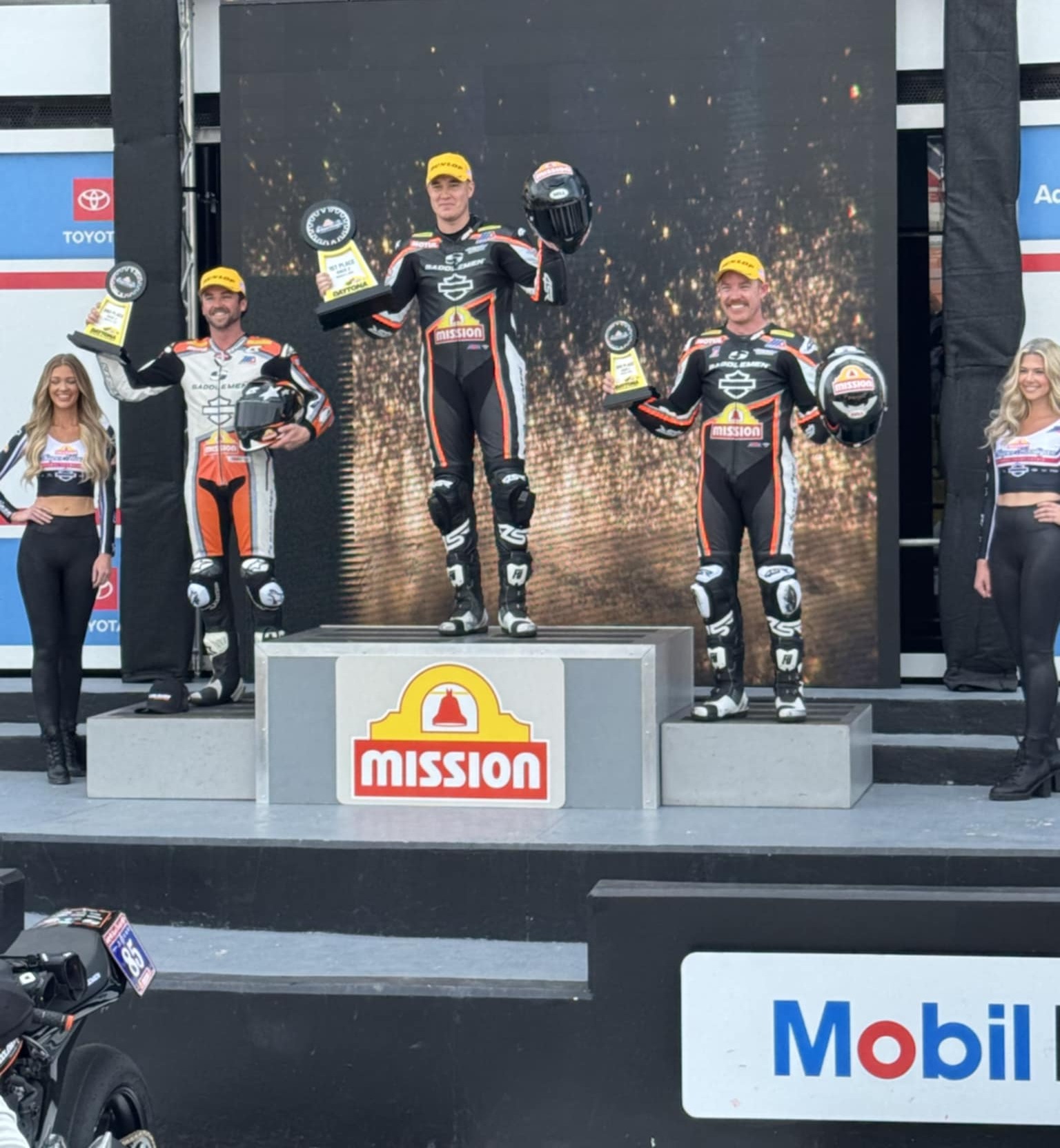 Team Saddlemen made racing history by sweeping all three podium positions in the Daytona SuperHooligan race! No motorcycle racing team has ever accomplished this before. In Friday's Race 1, Team Saddlemen riders Cory West scored first place, and Travis Wyman scored second place. In Saturday's Race 2, all three Team Saddlemen riders - #85 Jake Lewis, #10 Travis Wyman, and #1 Cory West - scored all podium positions 1-2-3, respectively.
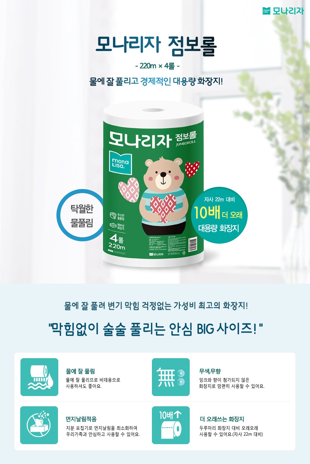 모나리자 점보롤 220m*4롤(290*290*380mm/2겹)/개
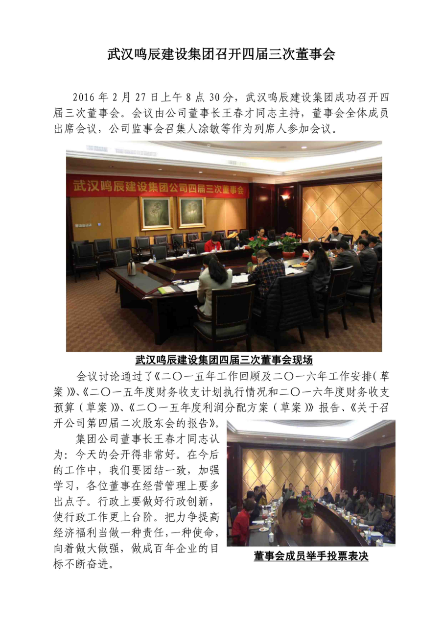 武漢鳴辰建設(shè)集團召開四屆三次董事會
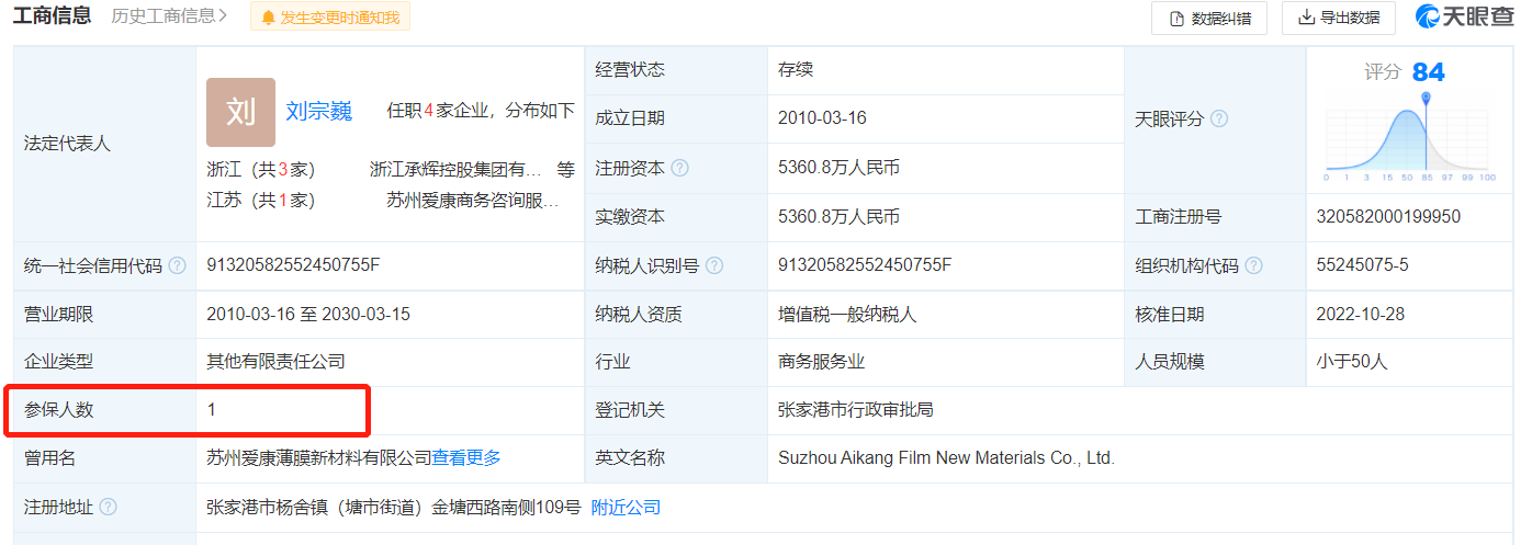 比如,爱康科技为苏州爱康商务咨询服务有限公司担保额度达6000万元,实际担保额3000万元,而该企业由邹承慧及其父亲邹裕文100%持股。该公司成立于2010年,天眼查显示,其实际参保人数仅为1人。
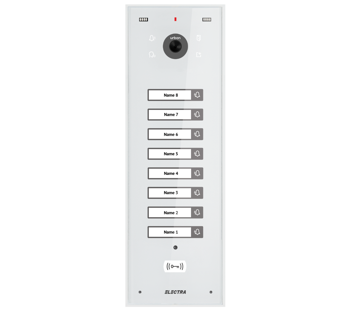 Carcasă din INOX, display electronic pentru listă locatari și afișare status utilizare, tastatură clasică iluminată, acces cu card RFID.
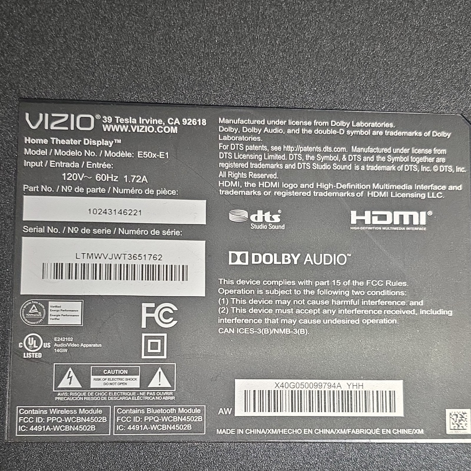 Модель: VIZIO E50x-E1
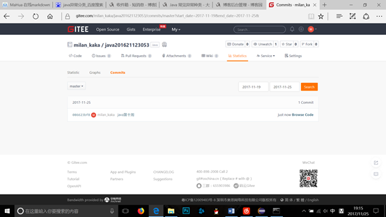 在码云的项目中,依次选择“统计-Commits历史-设置时间段”, 然后搜索并截图
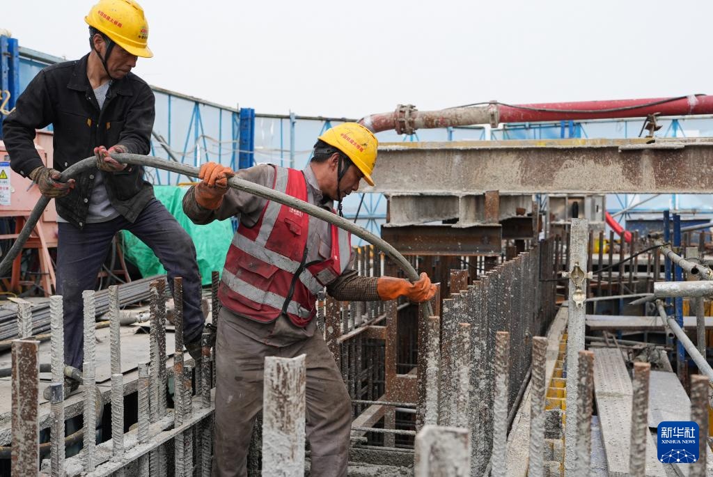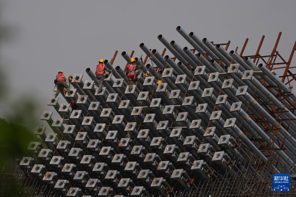 5月6日,中国铁建大桥局建设者在双屿门特大桥六横侧索塔高空平台施工。
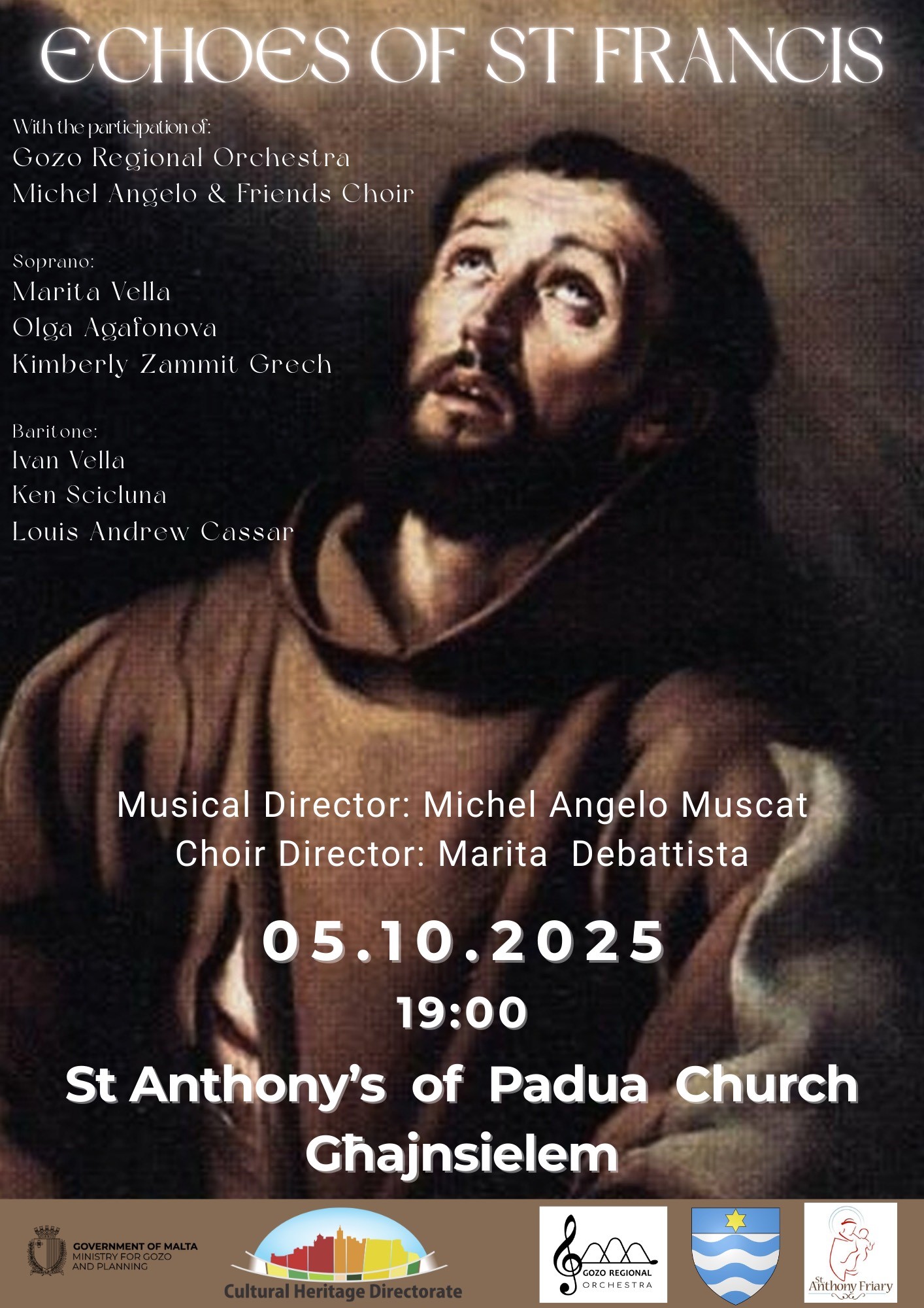 Join us for “Echoes of St Francis”, a captivating musical pilgrimage concert that will be held at St Anthony’s of Padua Church in the picturesque village of Għajnsielem. Immerse yourself in a soul-stirring evening featuring the Gozo Regional Orchestra, the Michel Angelo & Friends Choir, and talented soloists including sopranos Marita Vella, Olga Agafonova, and Kimberly Zammit Grech, along with baritones Ivan Vella, Ken Scicluna, and Louis Andrew Cassar. Under the musical direction of Michel Angelo Muscat and choir direction of Marita Debattista, this unique event promises to be a spiritual and artistic tribute to the legacy of St Francis. All are welcome to experience this extraordinary blend of faith and music.
★ ★ ★ ★
WHAT YOU ARE ASKED TO DO: Transcribe all of the listing precisely. The images stay out of it.

RESPONSE TO THIS EXERCISE:
 Team Saddlemen made racing history by sweeping all three podium positions in the Daytona SuperHooligan race! No motorcycle racing team has ever accomplished this before. In Friday's Race 1, Team Saddlemen riders Cory West scored first place, and Travis Wyman scored second place. In Saturday's Race 2, all three Team Saddlemen riders - #85 Jake Lewis, #10 Travis Wyman, and #1 Cory West - scored all podium positions 1-2-3, respectively.
 모나리자 점보롤 220m*4롤(290*290*380mm/2겹)/개
 武漢鳴辰建設(shè)集團召開四屆三次董事會
 比如,爱康科技为苏州爱康商务咨询服务有限公司担保额度达6000万元,实际担保额3000万元,而该企业由邹承慧及其父亲邹裕文100%持股。该公司成立于2010年,天眼查显示,其实际参保人数仅为1人。
 Carcasă din INOX, display electronic pentru listă locatari și afișare status utilizare, tastatură clasică iluminată, acces cu card RFID.
 Модель: VIZIO E50x-E1
 在码云的项目中,依次选择“统计-Commits历史-设置时间段”, 然后搜索并截图
 5月6日,中国铁建大桥局建设者在双屿门特大桥六横侧索塔高空平台施工。
 Join us for “Echoes of St Francis”, a captivating musical pilgrimage concert that will be held at St Anthony’s of Padua Church in the picturesque village of Għajnsielem. Immerse yourself in a soul-stirring evening featuring the Gozo Regional Orchestra, the Michel Angelo & Friends Choir, and talented soloists including sopranos Marita Vella, Olga Agafonova, and Kimberly Zammit Grech, along with baritones Ivan Vella, Ken Scicluna, and Louis Andrew Cassar. Under the musical direction of Michel Angelo Muscat and choir direction of Marita Debattista, this unique event promises to be a spiritual and artistic tribute to the legacy of St Francis. All are welcome to experience this extraordinary blend of faith and music.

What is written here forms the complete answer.